(TASK TO CARRY OUT): What you return must match the listing below line for line, minus its pictures.

DATA SEGMENT START

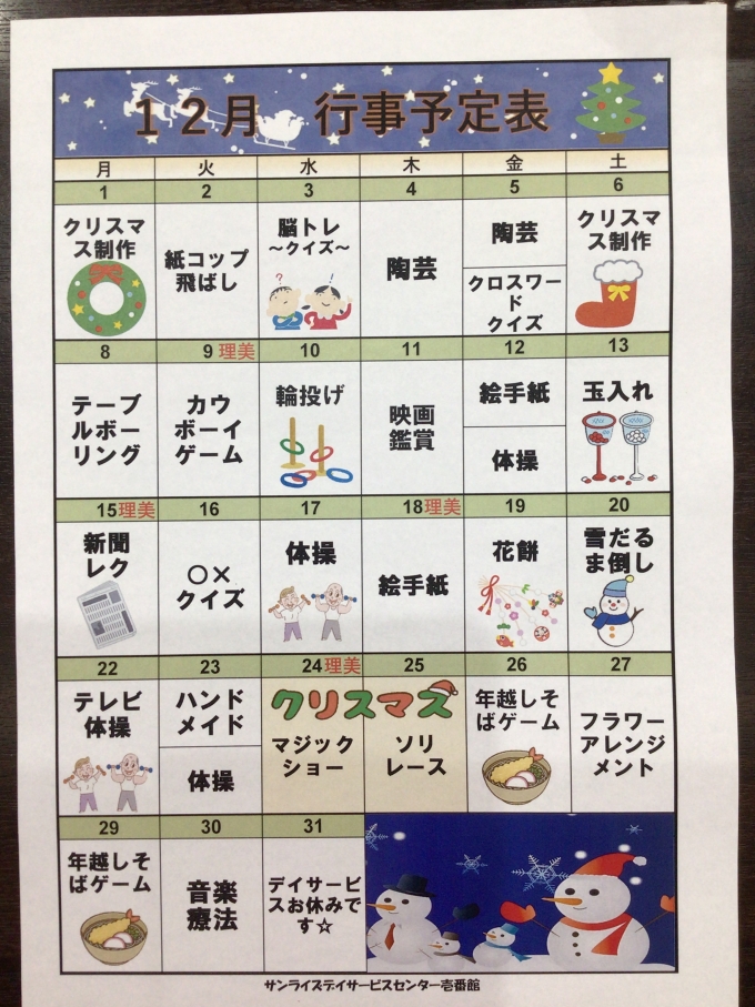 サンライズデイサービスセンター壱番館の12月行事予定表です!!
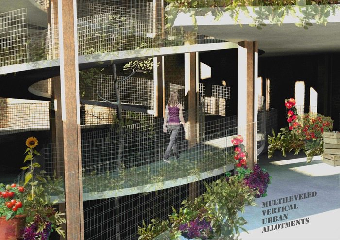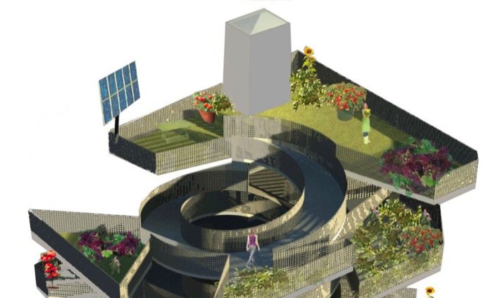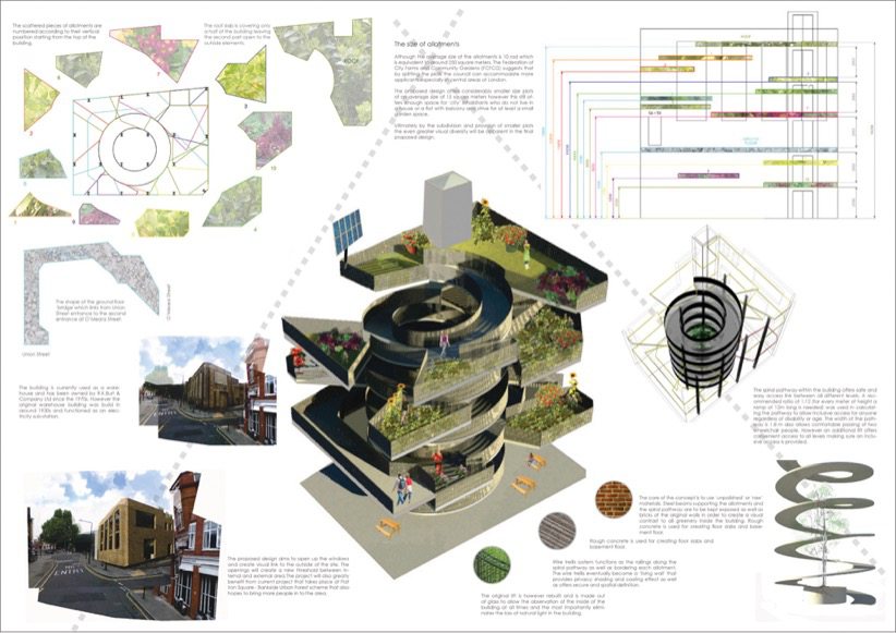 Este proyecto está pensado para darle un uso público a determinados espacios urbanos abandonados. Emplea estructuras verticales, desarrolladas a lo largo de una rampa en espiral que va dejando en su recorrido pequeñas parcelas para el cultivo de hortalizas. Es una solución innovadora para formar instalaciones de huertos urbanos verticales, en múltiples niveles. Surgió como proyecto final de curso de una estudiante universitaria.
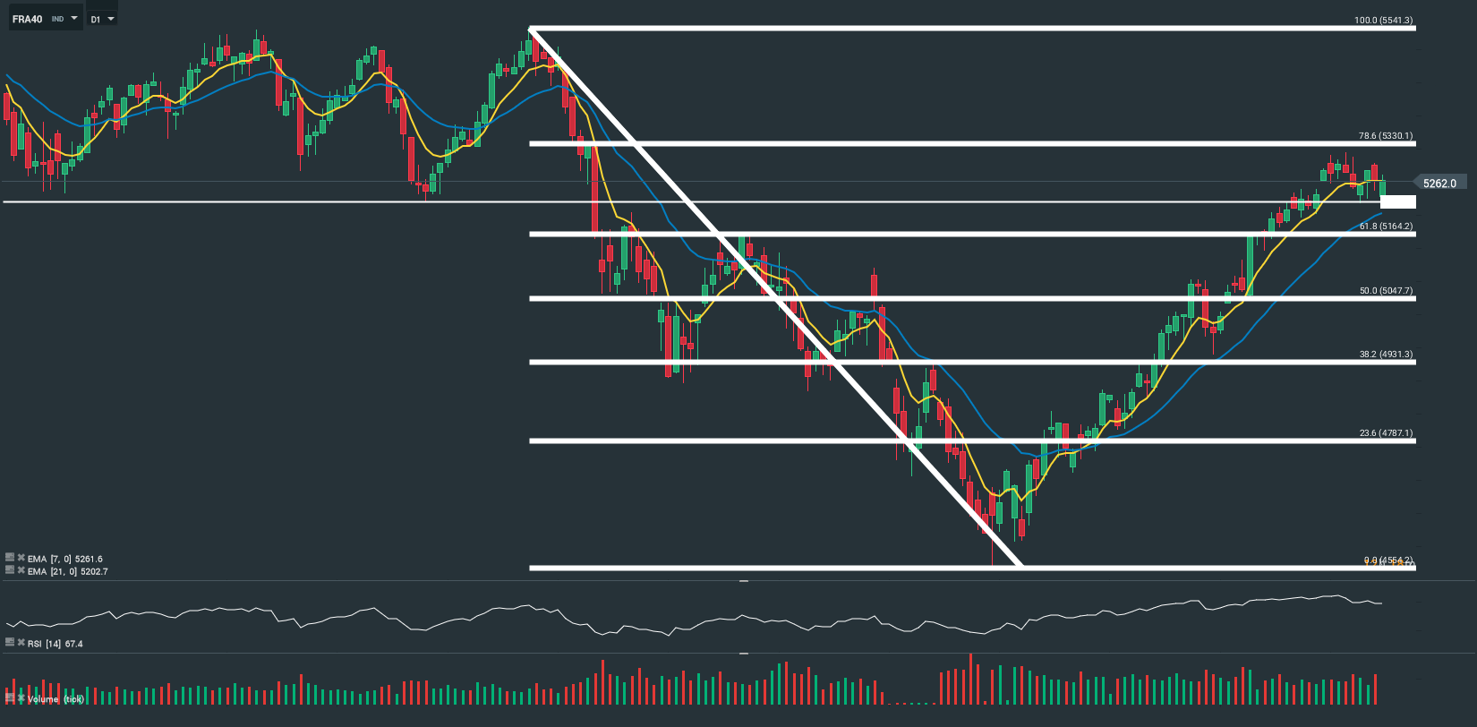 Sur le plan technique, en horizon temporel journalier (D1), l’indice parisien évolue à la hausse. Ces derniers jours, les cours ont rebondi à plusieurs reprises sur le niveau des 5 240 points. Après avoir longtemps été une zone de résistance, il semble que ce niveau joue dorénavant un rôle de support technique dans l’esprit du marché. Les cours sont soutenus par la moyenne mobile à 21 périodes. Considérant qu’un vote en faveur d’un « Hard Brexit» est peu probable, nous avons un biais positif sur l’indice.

DATA SEGMENT END

(REPLY):
 サンライズデイサービスセンター壱番館の12月行事予定表です!!
 Este proyecto está pensado para darle un uso público a determinados espacios urbanos abandonados. Emplea estructuras verticales, desarrolladas a lo largo de una rampa en espiral que va dejando en su recorrido pequeñas parcelas para el cultivo de hortalizas. Es una solución innovadora para formar instalaciones de huertos urbanos verticales, en múltiples niveles. Surgió como proyecto final de curso de una estudiante universitaria.
 Sur le plan technique, en horizon temporel journalier (D1), l’indice parisien évolue à la hausse. Ces derniers jours, les cours ont rebondi à plusieurs reprises sur le niveau des 5 240 points. Après avoir longtemps été une zone de résistance, il semble que ce niveau joue dorénavant un rôle de support technique dans l’esprit du marché. Les cours sont soutenus par la moyenne mobile à 21 périodes. Considérant qu’un vote en faveur d’un « Hard Brexit» est peu probable, nous avons un biais positif sur l’indice.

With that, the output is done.